# Work instructions:
For each record below, retype the text exactly and omit any image.

# Records for the task:
_____
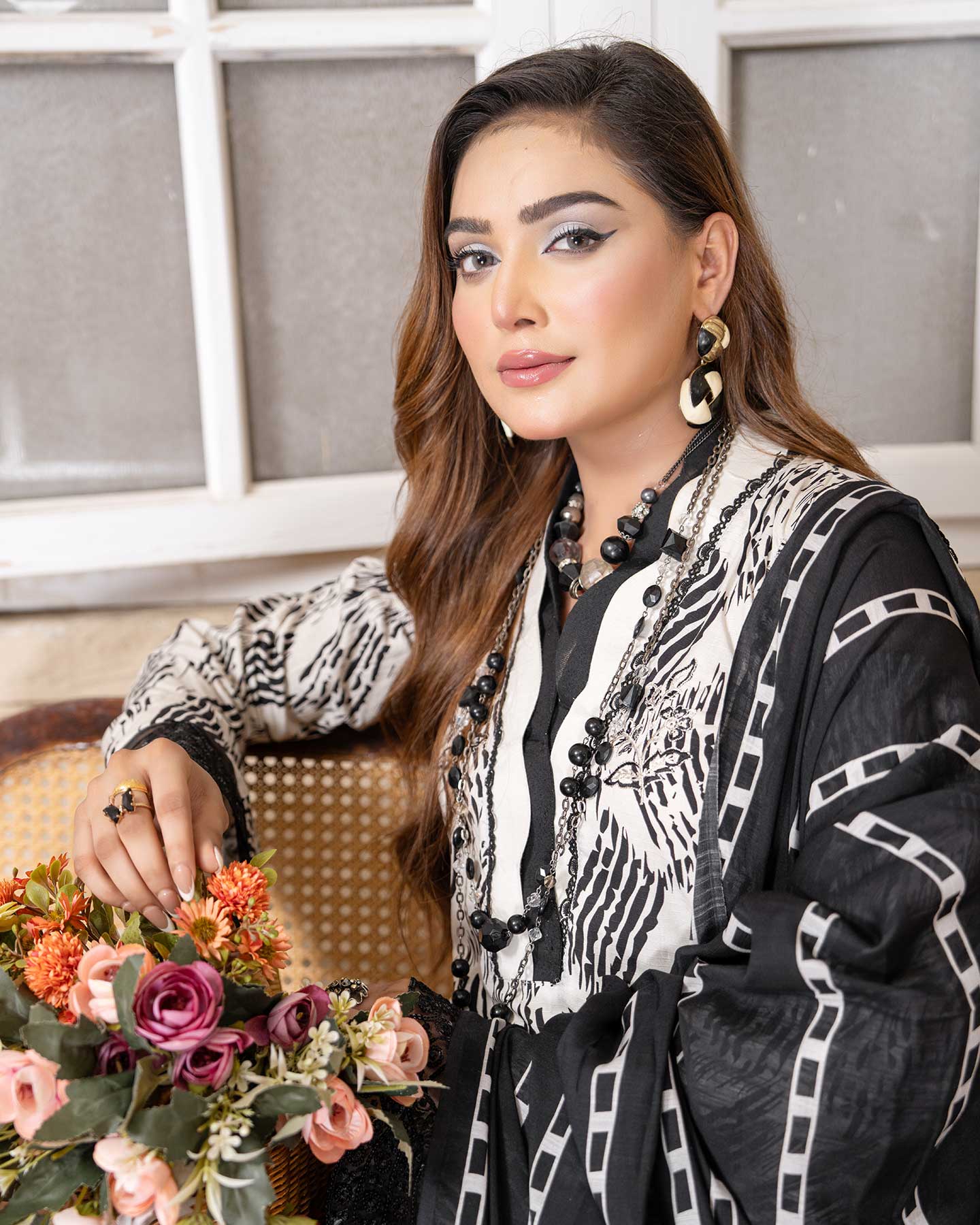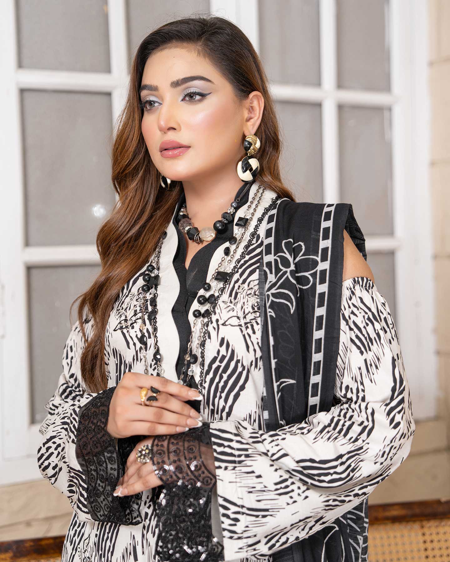 - Premium Embroidered Aplic Work Digital Printed Staple Slub Shirt
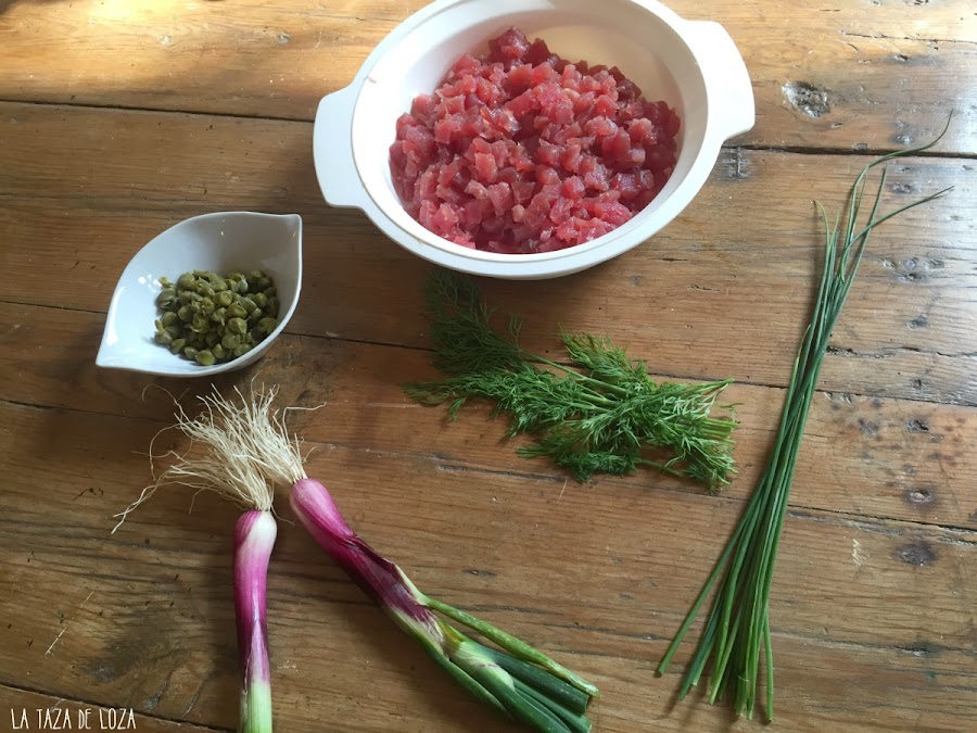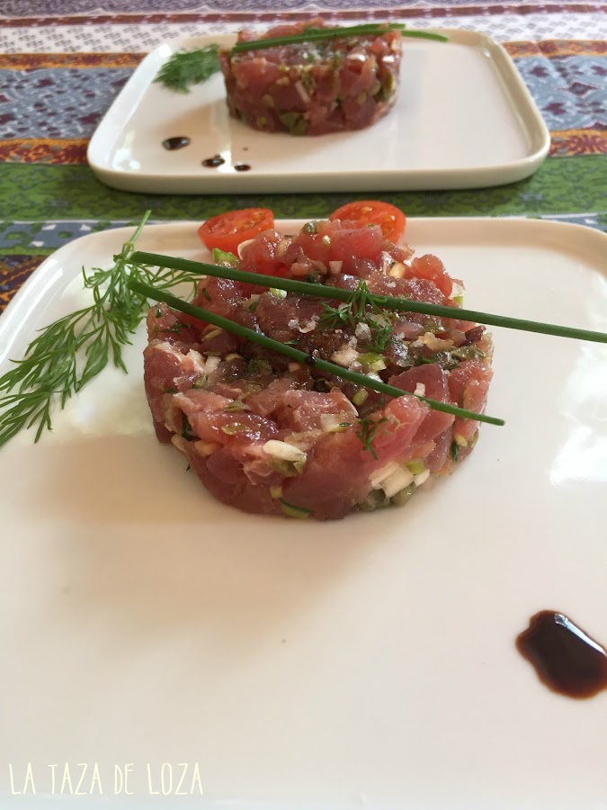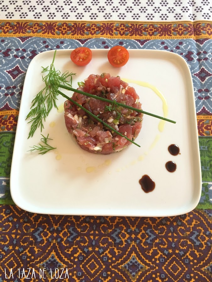 Lo primero es cortar el atún en trozos pequeños y siempre a cuchillo. El tamaño de los trozos de atún va al gusto del cocinero.
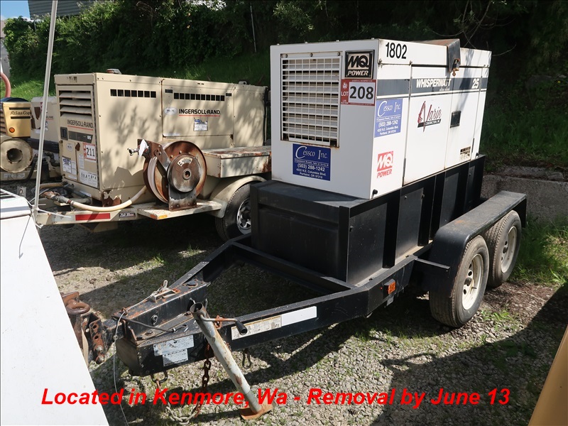 T/A TRAILER MOUNTED 25KVA/20KW240/480V 3 PHASE-14.4 KW,120/240V, SINGLE PHASEGENERATOR, ISUZU AA-4LE2,4 CYL DIESEL, HOUR METERREADS: 13,238
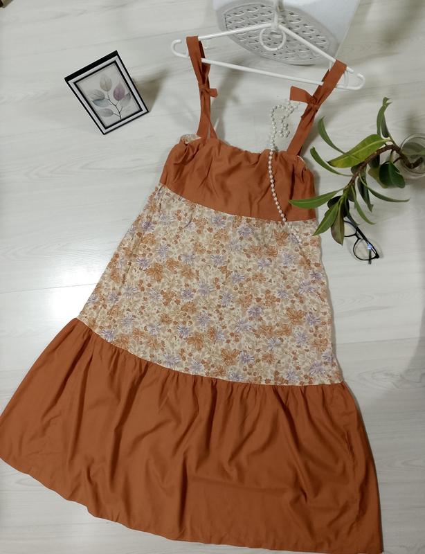 Сарафан с рюшами/ цветами. Цвет оранжевый (кирпич), бежевый, фиолетовый. Размер не указан. Може бути xs/s. Линия груди 42, тянется до 46 см, зверза на резинке. Линия под грудью 40 см. Длина без бретелей 97 см. Длина с бретельками 115см, регулируется. Сзади на скрытой молнии 33 см.+ резинка.
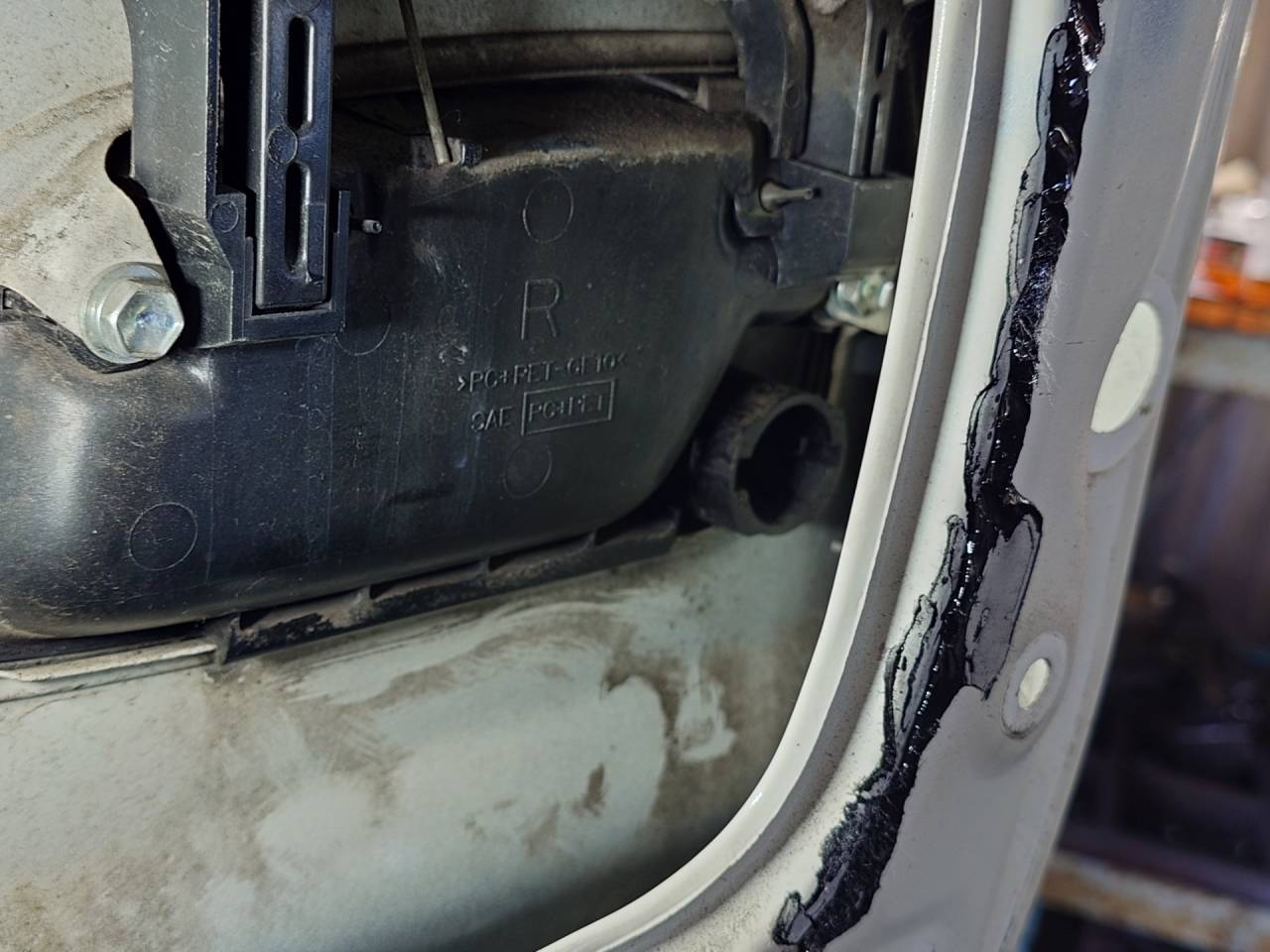 大和郡山市での車の修理は【マスダモータース】で 2024/01/16 日野 デュトロ XZU414M ドア・ロック修理 今回は日野 デュトロの修理です。 お客様から「キーでドアをロックしようとしてもちゃんと動いてくれない」との事。 早速引き上げて動作チェックします。 キーを刺して動かしてみると・・・ 動きがきつい・・・。 どうやらキー・シリンダーの不良です。 部品を段取りして交換していきます。 運転席側だけの交換になります。 内張をはずして・・・ 雨止めのビニールを綺麗にはがします。 ガラスは上に上げておきます。 そうするとアウター・ハンドルの裏側が見えるようになります。 キーシリンダーはアウター・ハンドルにクリップ一つで取り付けられています。 クリップを外したら難なく取り外すことができます。 外したキー・シリンダーです。 部品にはキーがセットで付いてきますが、元のキーとは異なります。 そこは仕事用の車なんで別に問題ないとの事なので、作動を確認して作業は終了です。
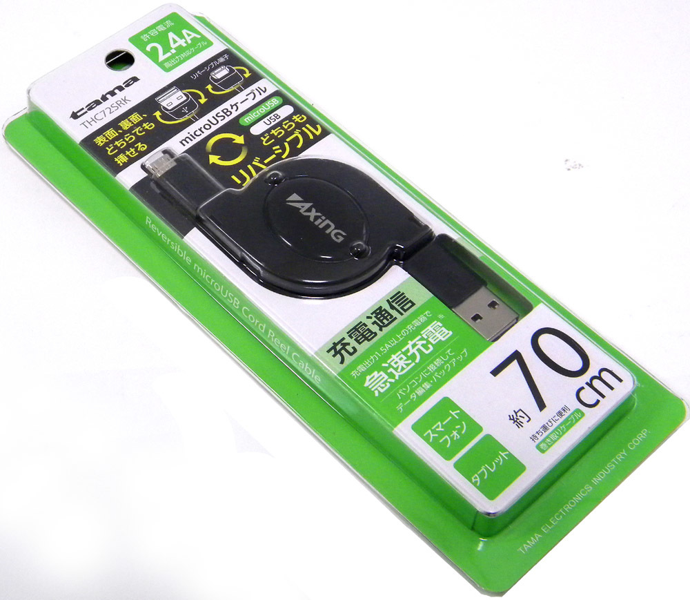- ★ 多摩電子工業 microUSB / USB [巻取りケーブル 70cm] 2.4A 急速充電 充電通信
_____
# Problem solution:
 - Premium Embroidered Aplic Work Digital Printed Staple Slub Shirt
 Lo primero es cortar el atún en trozos pequeños y siempre a cuchillo. El tamaño de los trozos de atún va al gusto del cocinero.
 T/A TRAILER MOUNTED 25KVA/20KW240/480V 3 PHASE-14.4 KW,120/240V, SINGLE PHASEGENERATOR, ISUZU AA-4LE2,4 CYL DIESEL, HOUR METERREADS: 13,238
 Сарафан с рюшами/ цветами. Цвет оранжевый (кирпич), бежевый, фиолетовый. Размер не указан. Може бути xs/s. Линия груди 42, тянется до 46 см, зверза на резинке. Линия под грудью 40 см. Длина без бретелей 97 см. Длина с бретельками 115см, регулируется. Сзади на скрытой молнии 33 см.+ резинка.
 大和郡山市での車の修理は【マスダモータース】で 2024/01/16 日野 デュトロ XZU414M ドア・ロック修理 今回は日野 デュトロの修理です。 お客様から「キーでドアをロックしようとしてもちゃんと動いてくれない」との事。 早速引き上げて動作チェックします。 キーを刺して動かしてみると・・・ 動きがきつい・・・。 どうやらキー・シリンダーの不良です。 部品を段取りして交換していきます。 運転席側だけの交換になります。 内張をはずして・・・ 雨止めのビニールを綺麗にはがします。 ガラスは上に上げておきます。 そうするとアウター・ハンドルの裏側が見えるようになります。 キーシリンダーはアウター・ハンドルにクリップ一つで取り付けられています。 クリップを外したら難なく取り外すことができます。 外したキー・シリンダーです。 部品にはキーがセットで付いてきますが、元のキーとは異なります。 そこは仕事用の車なんで別に問題ないとの事なので、作動を確認して作業は終了です。
- ★ 多摩電子工業 microUSB / USB [巻取りケーブル 70cm] 2.4A 急速充電 充電通信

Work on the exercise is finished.